[Records from a data collection]
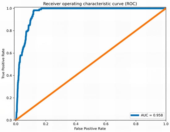 Two “Stuck” cases were correctly identified, while 11,687 normal cases were correctly predicted. However, 33 normal instances were incorrectly predicted as “Stuck”, and 110 stuck cases were misclassified as “Normal”. These results show that the model is highly effective in distinguishing between the classes, with very few false positives and false negatives. This accuracy indicates the method’s effectiveness in real-world scenarios, which helps to minimize classification errors. The receiver operating characteristic (ROC) curve is displayed in Figure 10. The text illustrates the model’s ability to differentiate between stuck and normal cases. The area under the curve (AUC) for the model is 0.958, which indicates excellent classification performance with the capacity to identify stuck events while maintaining a low false positive rate. This high AUC score emphasizes the model’s robustness and practical applicability in industrial operations, where effective anomaly detection is essential.
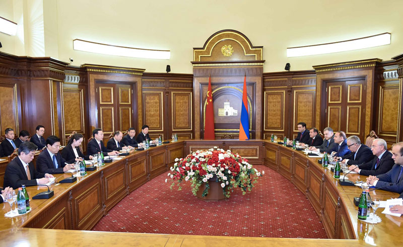 张高丽同亚美尼亚总理亚伯拉罕扬举行会谈
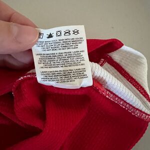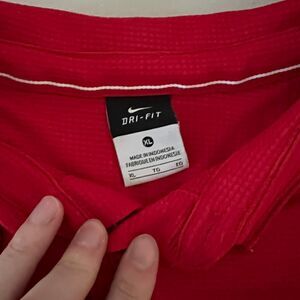 - Nike Dri-Fit polo. Waffle knit. Features three buttons. Red collar. With white blocking down sides and on collar bone. White Nike swoosh on right chest. In great condition.
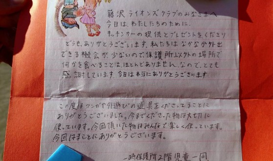 The letter shown in the photo is a message of gratitude written by one of the children at the center. Its contents are as follows.
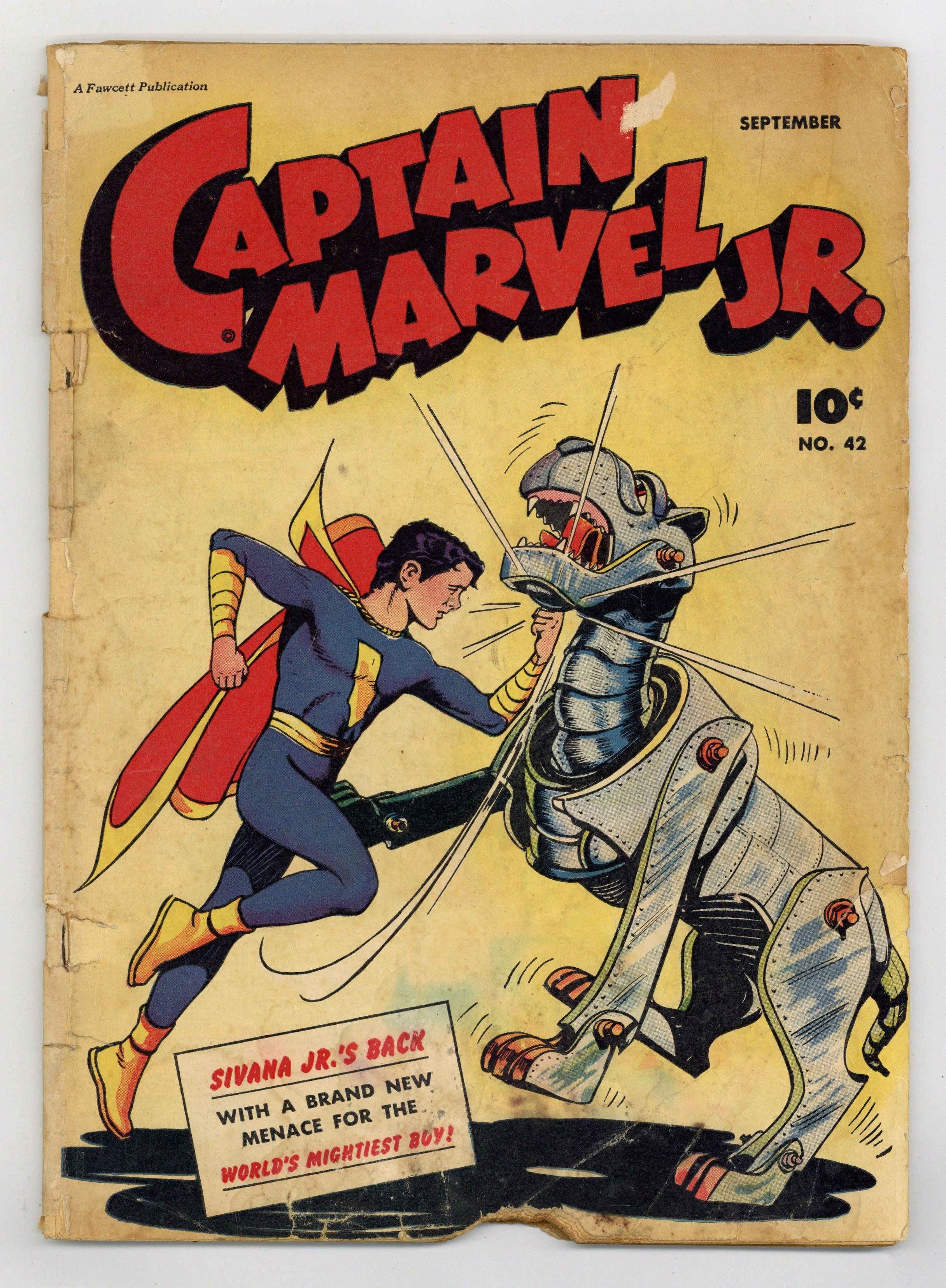Cover by Bud Thompson. Stories by Otto Binder, Art Helfant and Sid Lazarus. Art by Art Helfant, Sid Lazarus and Bud Thompson. Superhero action with Freddy Freeman, who gains the same powers as his hero Captain Marvel, better known these days as Shazam. Captain Marvel Jr. tracks a killer who brings common sayings like "look before you leap" to deadly new heights. Sivana Jr. escapes prison with help from Sivana Sr., and terrorizes the city with his gigantic robot dog. Freddy Freeman angers the Spirit of Superstition, who then curses him and Captain Marvel Jr. with bad luck. The Mysterious Axioms; Rubbernose Randolph; Boxcar Benny; Giggle Gags; Sivana, Jr. Strikes Again; Whitey Whiskers and Daniel Boone, Jr.; The Amazing Zugqumps; Snortville Sneeze: Ghost Story; Whipper-Snappers; The Silver Satan; Seven Years of Bad Luck; The Brutal Truth. 48 pages, Full Color. Cover price $0.10.

Task brief: Nothing outside the stretch above, from the line with "张高丽同亚美尼亚总理亚伯拉罕扬举行会谈" through the line with "The letter shown", is set down. Transcribe that stretch exactly, ends included, but not its pictures.

Response below:
 张高丽同亚美尼亚总理亚伯拉罕扬举行会谈
 - Nike Dri-Fit polo. Waffle knit. Features three buttons. Red collar. With white blocking down sides and on collar bone. White Nike swoosh on right chest. In great condition.
 The letter shown in the photo is a message of gratitude written by one of the children at the center. Its contents are as follows.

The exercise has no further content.